In a statement, NHS England and Public Health England noted that it had dramatically expanded free flu vaccinations this year to cover children in school year 4 and care home workers for the first time.

However, fewer than one in five school age children, 18%, has so far had the nasal spray immunisation, according to the latest figures.

The two national bodies said they were also calling on hundreds of thousands of frontline social care workers, who have contact with numerous vulnerable people, to take up the free flu vaccine.

As previously reported, for the first time, the NHS is providing £10m to offer vaccines to registered residential, nursing and home care staff to help curb the spread of flu to older people in their care.

It is hoped the investment will also ease the pressures that a heavy outbreak of influenza could place on NHS services, especially over the busy Christmas and New Year holiday period.

“The nasal spray vaccine last year reduced children’s risk of flu by 65%”

Paul Cosford

Professor Keith Willett, NHS England’s medical director for acute care, said: “Flu can be spread more easily by children, especially to vulnerable relatives such as older grandparents, those with heart or lung conditions and pregnant family members.

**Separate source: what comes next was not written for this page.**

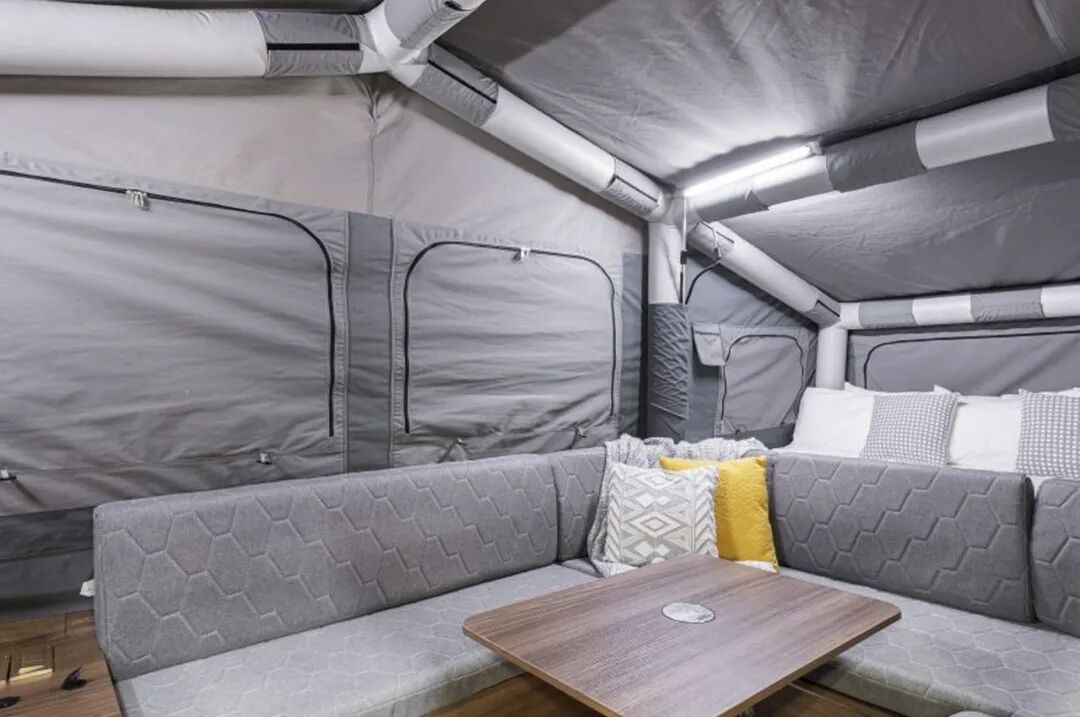 Space X Air拖挂房车内部设置了一个睡眠休息区和乘坐休息区,乘坐休息区设有U型沙发卡座,乘坐空间丰富;卡座中间是可升降餐桌,既可以用于日常就餐、聊天,也可以和沙发拼床,增加睡眠休息空间。
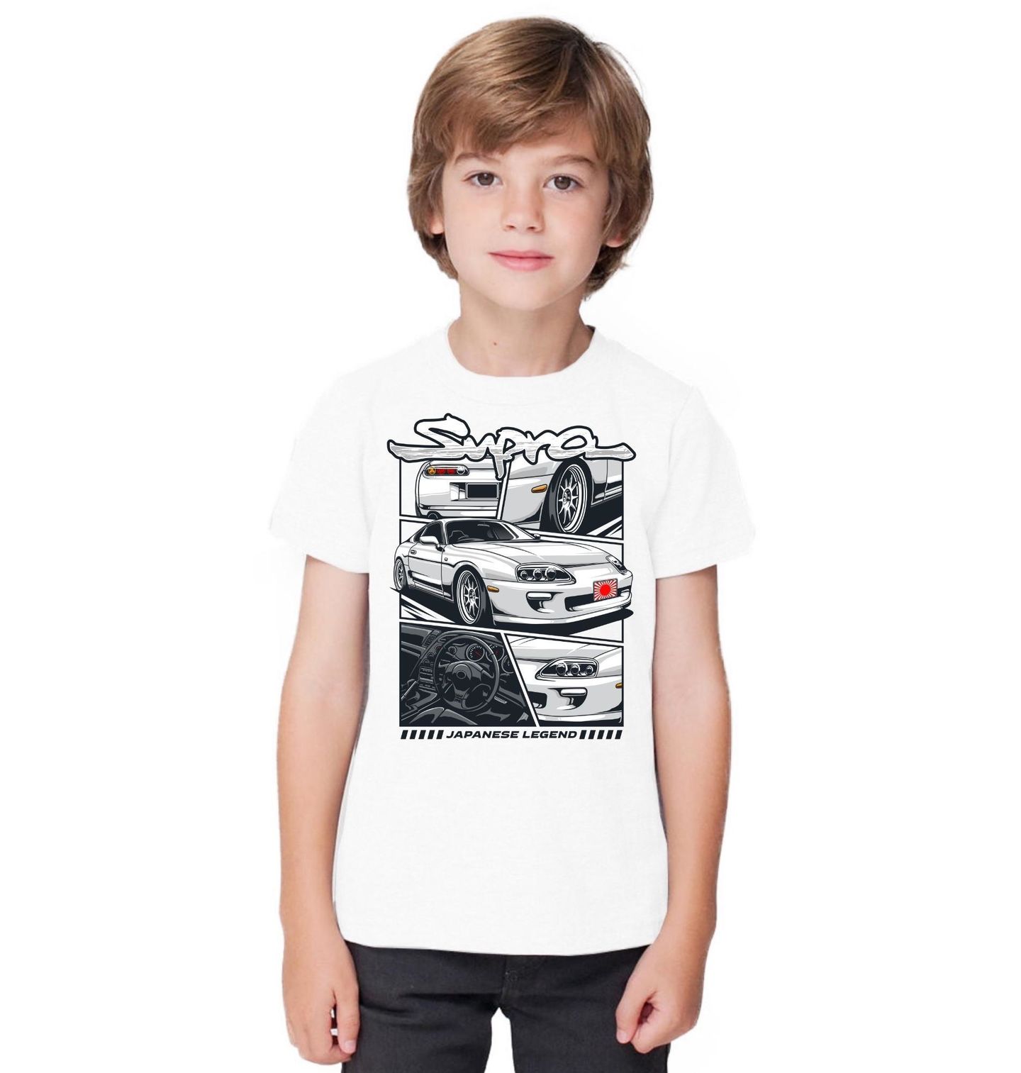 Dětské tričko Supra Japanese Legend. Inspirací je slavná Toyota Supra MK4 – vůz známý svým výkonem, úpravami a nezaměnitelným stylem. Stylový komiksový motiv představuje ikonické japonské sportovní auto v čistém JDM designu, který zaujme každého fanouška tuningu a rychlých strojů. Detailní kresba zachycuje legendární siluetu, interiér i charakteristické zadní světla, díky nimž je toto auto okamžitě rozpoznatelné.

“With less than a month until family gatherings over the festive season, there’s still time for parents to get their ‘super-spreader’ children vaccinated to help protect elderly relatives over Christmas and before the flu season traditionally reaches its peak,” he noted.

Dr Paul Cosford, medical director at Public Health England, added: “The vaccine is the best protection there is against flu, which causes on average 8,000 deaths a year.

“The nasal spray vaccine last year reduced children’s risk of flu by 65% meaning they were less likely to spread it to relatives and others they come into close contact with,” he stated.